Resources

Do You Know What Intersectionality Is?

Wow, the best treatment of intersectionality, bar none, that I have read so far. No really, this resource by Rosaria Butterfield is worth a read to bring you up to speed if you don’t quite understand intersectionality.

Butterfield breaks down the concept of intersectionality that arrived in public universities in the 1990s that was originally used as a tool to understand oppression.

Simply put, here is what we see when we use the analytical tool of intersectionality:

  • The world is made of power struggles
  • White male heterosexual patriarchy must be destroyed in order to liberate those who are oppressed by it
  • It understands the Biblical complementarity of husbands and wives as perverted and “weaponized”
  • It believes that if we can expose the myriad ways in which people suffer down to the smallest detail and then rearrange the power-oppressions, we have the ability to reemploy a person’s history (of oppressions) and destiny of (liberation)
  • Suffering in this worldview includes both material and perceived suffering

Intersectionality confuses justice, a command of God to defend the poor and the needy, with a conception of justice not defined by Scripture.

Rosaria Butterfield

You may be wondering, but isn’t that just for the crazy secular culture? That doesn’t really impact the church, right?

Wrong.

Intersectionality is a trojan horse entering the church from the culture.

So we have to ask ourselves–can intersectionality serve the gospel? Can we add intersectional teaching to the gospel to arrive at a better way of loving our neighbor?

Many churches and parachurch groups say yes. Intersectionality has found a home in many of our Reformed churches, notably in sensitivity training to make the church a friendlier place for “sexual minorities.”
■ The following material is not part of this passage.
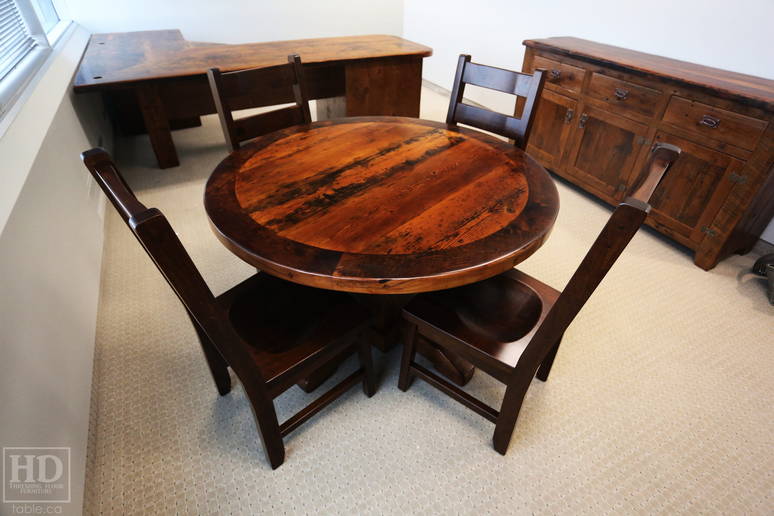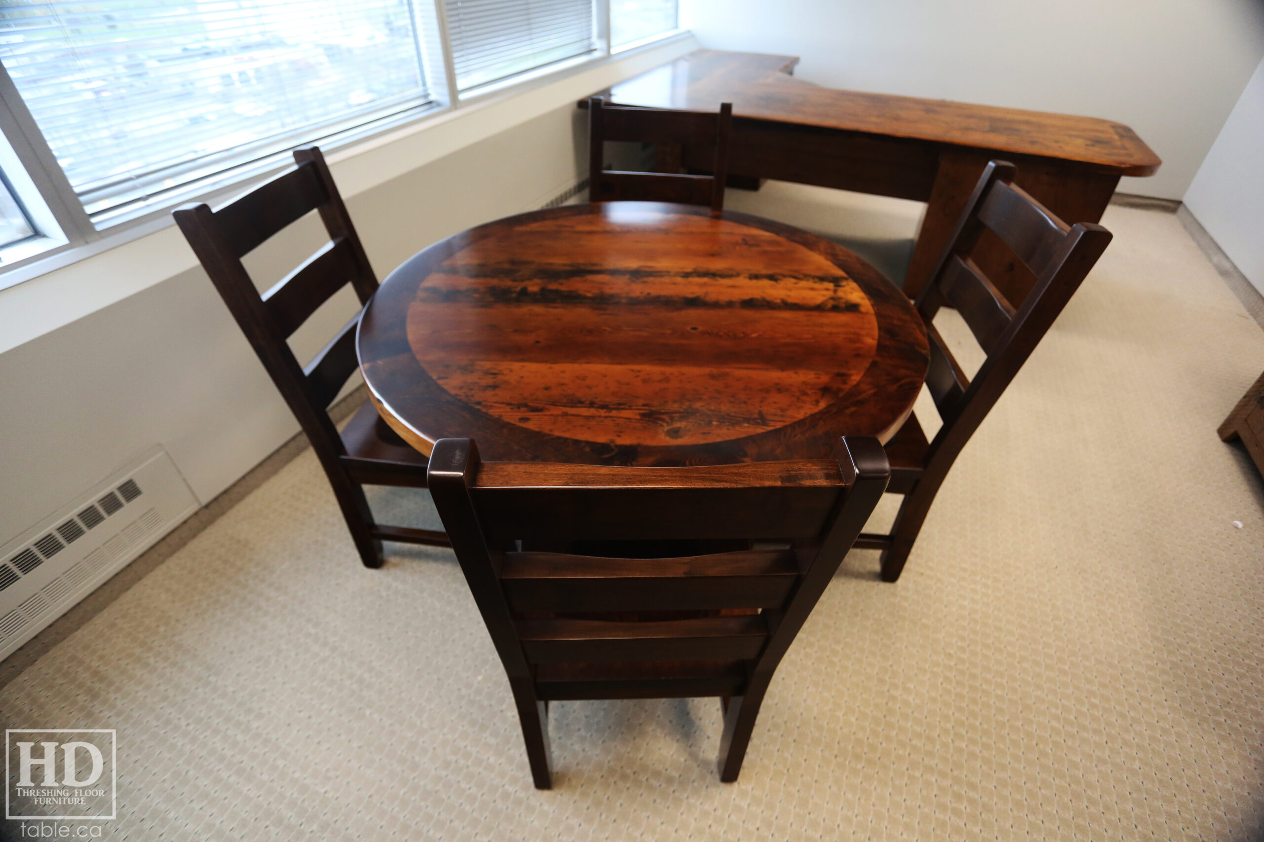 Given our good-to-write-on finish, we offer reclaimed wood office furniture. The modern finish combined with the old wood provides a unique but also refined look. Check out this custom reclaimed wood round table with some wormy maple ladder back chairs we made for a Toronto office:

Intersectionality is at odds with the gospel in two ways:

  1. Fostering an unbiblical view of human identity
  2. Producing social fragmentation

Butterfield shares an example that we are facing already, that is should we call someone by their “preferred pronoun?”

No–here is why:

For example, intersectionality demands that you “honor someone’s pronouns” even while knowing that those pronouns can change tomorrow. We are told that good neighbors lie to each other like this, pretending that women can be men and men can be women. We are told that a homosexual orientation is indelible and permanent, but the biological sexual difference is a matter of personal opinion.